St Mary's Church is a Roman Catholic church in the city of Derby, England. A Grade II* listed building, it stands on Bridge Gate overlooking St Alkmund's Way. The church was designed by architect A. W. N. Pugin and according to Simon Jenkins, it is one of Pugin's "few complete works".

==History==

The church was designed by Augustus Pugin in 1837 to replace a small Gothic building in nearby Chapel Street. It was Pugin's first expression of his Gothic Revival style. He originally planned for the tower to have a 100 ft spire, but budget restrictions prevented this from being implemented. His final design was presented on 17 March 1838, and construction began that same year, with the foundation stone being laid in July 1838. Building was completed by 9 October 1839, when the dedication service took place with Cardinal Nicholas Wiseman preaching. The cost of construction had been £1,400. The wood sedilia in the sanctuary was donated to the church by Pugin.
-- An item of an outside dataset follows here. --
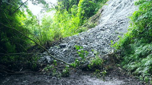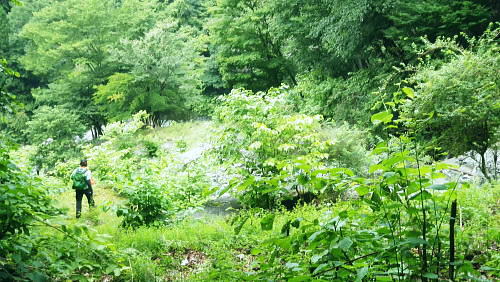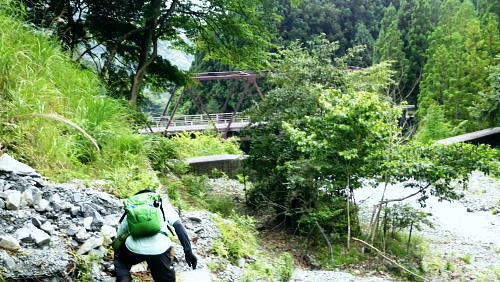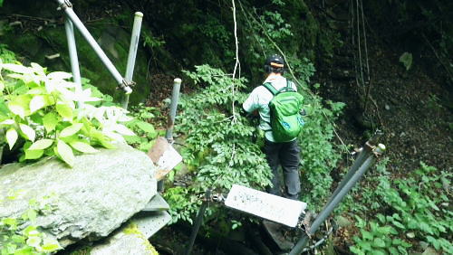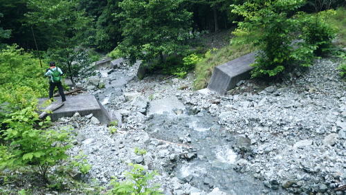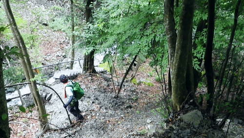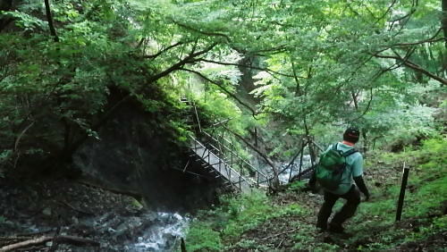 | 玄倉山神峠で濃霧に遭遇し下降ルートを考える? 見上げる上部はに゙スが舞い.伊勢沢ノ頭の登り返しが億劫で.近場の鉄塔管理道へ下る―伊勢沢を下り.落合林道から玄倉集落に戻る。 白井平から玄倉ノ野を経て山ノ神峠 鉄塔管理道から伊勢沢を経て.送電線落合線から落合林道.玄倉へ・・峠で出会った青年 玄倉山神峠.落合線41号鉄塔 大垣から下り.41号鉄塔と真下が山神峠.12:40鉄塔管理道.落合林道 12:40(41号鉄塔)大13:10一山神峠13:15一13:48(39号鉄塔横)一13:56伊勢沢の沢底一14:10伊勢沢出合 一14:25蕗平橋:40一集落経由一15:40玄倉bs. 大ブナ954mから落合線(玄倉川第二送電線の管理道路.鉄塔巡視路の41号鉄塔にでて.足元の薄暗い山神峠で休まず. 明るい視界の利く基部で昼食を摂り.峠に下りている。鉄塔真下の基部.木留め段に坐り.左右に架かる送電線を見渡す。 .アッチ沢と小菅沢を見下ろしながら贅沢な展望を得て.遅い昼食を摂っていた。 プラ容器にご飯とレトルトカレーを詰めてきた。空腹感を感じ.まず食わねばと。ポカリから茶に飲物も変え.気分だけ少し贅沢に。 過って雨山峠から鍋割山に立ち.後沢中間尾根を下っている。山神峠にでるまでの玄倉経路では巨樹の崩落に伴う土砂崩れに出合い散々な目に合っている。 漸く山ノ神峠にでたものの.峠からの展望は霞み強く望められなかった。今回山神峠に降り.幾らかだけでも視界に恵まれた。 低山でも深い山並の豊かさを改めて知ることもになった。玄倉川第二発電所からの送電線の鉄塔が点々と眺められもした。 玄倉川及び支流上流側 玄倉沢上流を望む・・41号鉄塔基部より.12:43アッチ沢と上流側の板小屋沢.ツメは檜岳。中央正面は伊勢沢ノ頭北尾根の末端台地.698m点コブ。 コブの右肩を越えた裏側(北)が玄倉湖.玄倉ダムになる。その右脇に建つのが玄倉沢第二発電所。遠方は霞む丹沢山. 久し振りの山登りで.行程は捗らなかった。その上.天気は崩れ気味.南東尾根を下る積りでいたが伊勢沢ノ頭は既にガスに包まれ灰色の世界。 馬力で後一頑張りれば踏み跡は確りしている。寄に下るか? それよりゆっくり西側の谷間を見下しながら鉄塔管理道を下り. 落合林道から玄倉へ戻るか? 思案のしどころ。食事を摂りながら下るルートを考える。そして山神峠に降りる。 アッチ沢源流側 左半分アップ・・698m点コブと42号鉄塔.玄倉第二発電所 送電線落合線はこの鉄塔基部から北上し.698m圏コブで右肩を越え.コブの裏側の玄倉湖.対岸にある玄倉第二発電所と結ばれている。 玄倉第二発電所(神奈川県企画庁)の出力は2900KW。熊木ダム(堰高14.9m.重力式コンクリート)の貯留水を利用。 水路式で水圧鉄管は有効落差175.55m。 送電は6.6KVから66KVに昇圧され.玄倉線(玄倉第一発電所の電力)と21号鉄塔で合わさり.落合発電所に送電さ. .東電の落合線送電線網と繋がれる。放流水は玄倉ダムから導水管に乗り.玄倉第一発電所で再び運用されている。 又玄倉第一.第二発電所ができる以前にはユーシンに農林省管轄の丹沢治山水力発電所.28KVがあったらしい。 伊勢沢ノ頭・・小菅沢源流側 山神峠,南側の鉄塔群.12:45逆の送電線の霞む遠方は秦野峠林道が横断するブッシュ峠と日影山 鉄塔管理道の上部中腹には伊勢沢ノ頭西斜面旧径路あり.山神峠直前の右俣は崩壊が激しいガラ場で.大きく欠け落ち,通行は不能。 鉄塔管理道を辿り.伊勢沢左岸よりから大菅沢左岸の巡視路を巻き.旧径路に戻るか? 鉄塔管理道沿いに下るルートになる。 山神峠からの鉄塔管理道 小菅沢源流の左岸より手前の30号鉄塔は山神径路と鉄塔管理道の分岐 落合線(玄倉川第二送電線)の41号鉄塔から40号.39号.38号鉄塔が見下ろされる。38号.37号鉄塔間に伊勢沢が流れ. 横切れば35号鉄塔からは真下に蕗平橋が見下ろされた。伊勢沢を詰めると伊勢沢ノ頭. 越えれば裏側の寄沢へ下りられる。 山神峠 短い参道階段上の木祠.13:11巨木の御神木に守られている山神様と水神様 玄倉山神峠 峠にでて木祠をお参りしていると寄から登ってきた単独行の青年に出会う。 彼は山神径路から雨山沢に出向く予定でいたらしい。それが最初のガラ場でつまずき峠に戻ってきた。 西側に下るのは初めてのようだ。小菅沢右岸径路を尋ねられた。戻ってきた力量だと少し難しく思われた。 山神径路(右岸径路)は規制になってからは入るハイカーも少なく.ガレ場の崩壊は更に進み荒れ模様。最近何度か通った人の記録を読む。 下るべきルートではなくなったとある。又ルートは沢底に取った方が楽だとも。山神径路を希望する彼に.そのまま説明した。 私は伊勢沢ノ頭を越える積りだったが眺望が利かなくなり.諦め鉄塔管理道に入り蕗平橋に下ると説明する。 谷沿いに下るのは私が選んだ鉄塔管理道以外見当たらなかった。私も初めてのルート.共に下ることになる。 青年を見ていると改めて若さの素晴らしさを肌で感じている。況して私はこの頃急に体力が衰え始めていた。 言葉数少なく語る彼。同行を求めた訳でもないがその言葉を信じ.私に付いてきた。彼をトップ

Eight years later, the Anglican St Alkmund's Church was re-built on a site directly opposite St Mary's. The position of the larger St Alkmund's was such that the view of St Mary's from King Street was obscured.
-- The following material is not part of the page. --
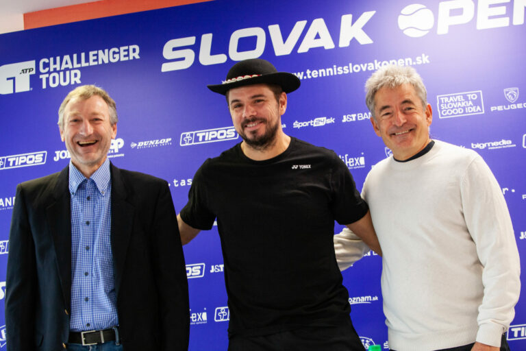 Zľava: Prezident Slovenského tenisového zväzu Miloslav Mečíř, tenisový hráč Stan Wawrinka a riaditeľ turnaja Slovak Open Igor Moška počas tlačovej konferencie Slovenského tenisového zväzu s trojnásobným grandslamovým šampiónom Stanom Wawrinkom, ktorý sa zúčastní turnaja Slovak Open 2024 v priestoroch Národného tenisového centra. Bratislava, 28. október 2024. Foto: SITA/Bokor Tomáš

In 1850, a chapel was added dedicated to Our Lady of Lourdes. Later a floodlit statue of Mary was placed on the tower, forming a landmark, although it has been removed. The church was partially restored in 1927 when it was discovered that damp had taken hold on much of the plasterwork. St Mary's was enlarged slightly in 1932 with the building of the Lady Chapel and several pieces of stonework were added to both the interior and the exterior of the building.

The late 1960s brought sweeping changes to the Derby landscape. St Alkmund's Church and its churchyard were demolished in order to make way for the inner ring road, exposing St Mary's to full view for the first time in 120 years.

A new set of bells was added during a facelift which took place between April 1988 and September 1989, during which the church was closed. A second restoration was undertaken in the late 1990s. This included re-roofing of the Lady Chapel and extensive cleaning of the interior and exterior of the church.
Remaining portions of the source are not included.